Z fails to imagine himself as one of his mice. Of course, he’d tell me, “I take good care of my mice. They’re fine.” But does he understand what the mice experience? He is focused on curing cancer. That’s fitting. Just as it’s fitting to use mice to reach his goal. But do the mice want to be stabbed? Do they want to be subjects of his experiments? Z would point out that curing cancer is more important and mice aren’t human. But he’d also agree, mice suffer. And, if he is honest, he knows when his mice are suffering. He knows by their behaviour; he’s spent years watching them. They communicate to some extent. So if Z is willing to spend the time and energy learning to communicate with rodents, why won’t he learn to communicate with You?

Suffering With Christ

“Now I rejoice in my sufferings for your sake, and in my flesh I complete what is lacking in Christ’s afflictions for the sake of his body, that is, the church.” (Colossians 1:24)

In Dappled Things, Tonita M. Helton writes about the intersection of the Cross and her mother’s horrific death from cancer.

We are all given a cross that we are bound to carry, whether willing or unwilling. Most of us are left to offer smaller sacrifices, like headaches, stubbed toes, the occasional cut, or the frustration of traffic or a difficult job or co-worker. And many, perhaps most, of us reject even those smaller opportunities. But, for the rare and truly blessed soul, God sometimes sends acute suffering, in whatever form, along with an invitation to crawl up on the Cross with him and, in so doing, help him to save the world.
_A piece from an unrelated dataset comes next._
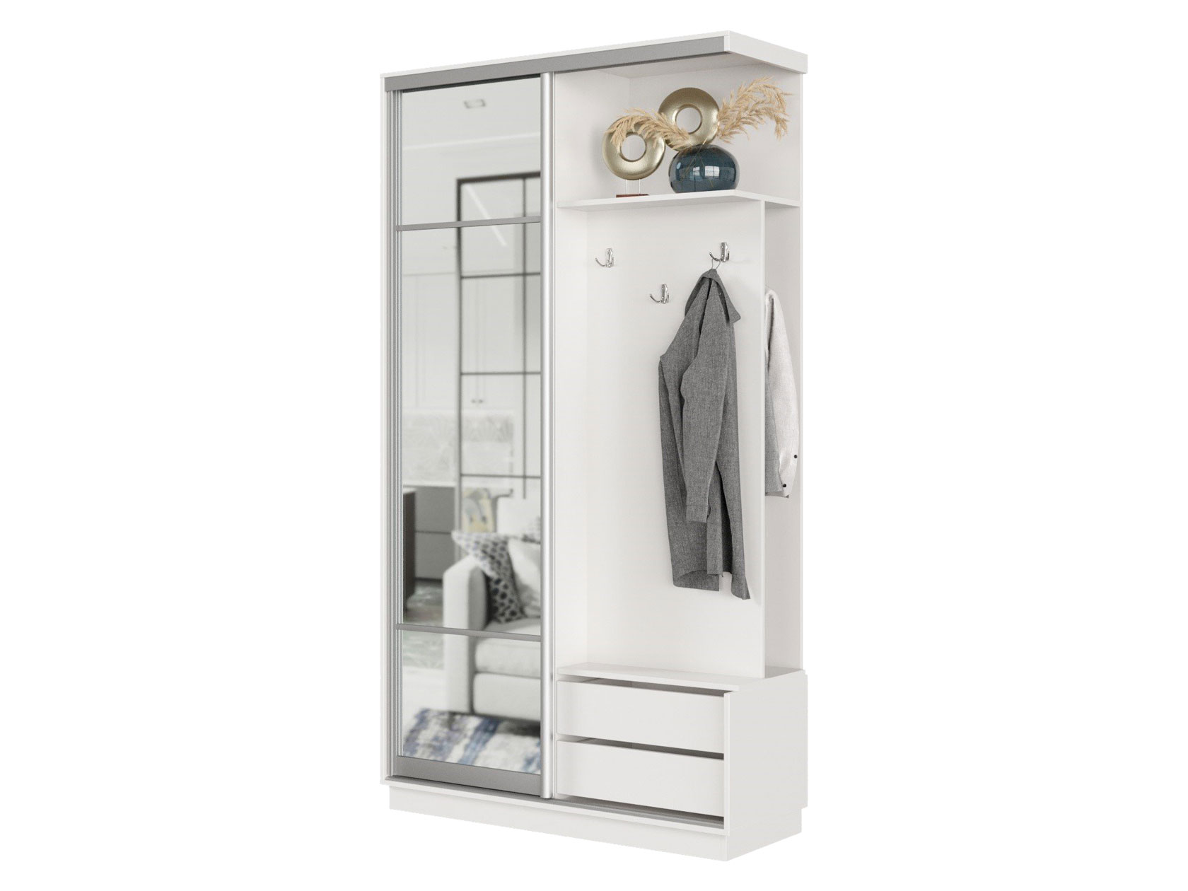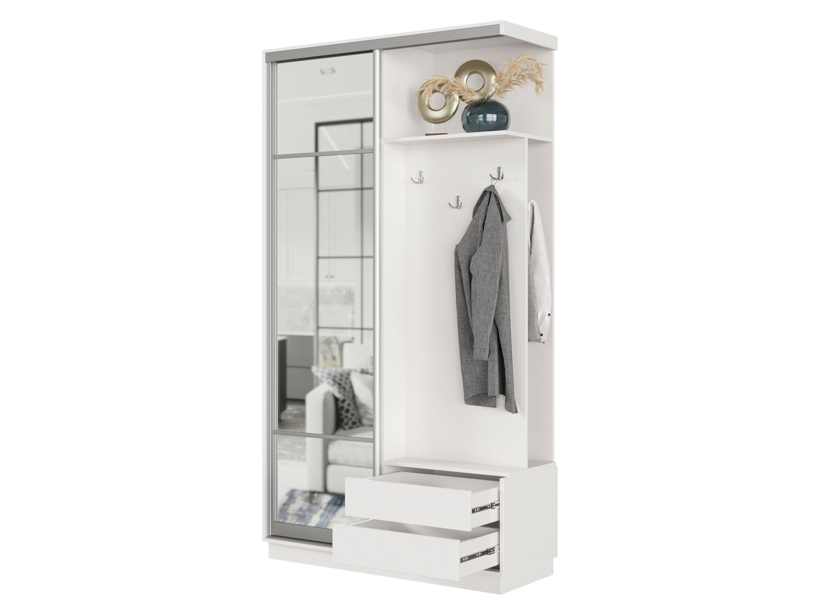 Прихожая Маршал Белый / Зеркало / Серебро, алюминий 100 см 240 см 45 см Правая

For those who know – really know – what to do with this opportunity, the growth and purification they merit for their own souls and the graces that are showered upon the world as a result of their offerings are enormous.

Perhaps the difficulty we have with this teaching is that the connection is hidden from us this side of the grave. It was sometimes hard for me to see why God, if he really loved my mother, couldn’t just give her a break every now and then, and protect her from the chemical burn, or the mutant bacteria, or the wretched nausea, or the month-long bout of constipation, or the edema, or the pancreatic malfunction, or the gallbladder pain and surgery, or the cancer itself, or at least the nightmares she had of demons attacking her. You see, there is often no clear line drawn for us between this particular suffering and that particular soul. Even so, there remains a bright line drawn across the ages and it reminds us boldly that Christ did not suffer in vain and it is his revolutionary mandate that neither must we. It remains our destiny to suffer because mankind fell into sin, but even that suffering can and should be redeemed by uniting it with his

Participation in Christ’s suffering is immense honour and joy. It’s hard to see, hard to accept. But once seen, we discover the immense grace He has bestowed upon us.

Don’t get me wrong. We ought not pursue suffering. Neither ought we wallow in it. But when it comes, and it will, just as the Cross was powerful, our suffering can be as well if we will suffer with Christ.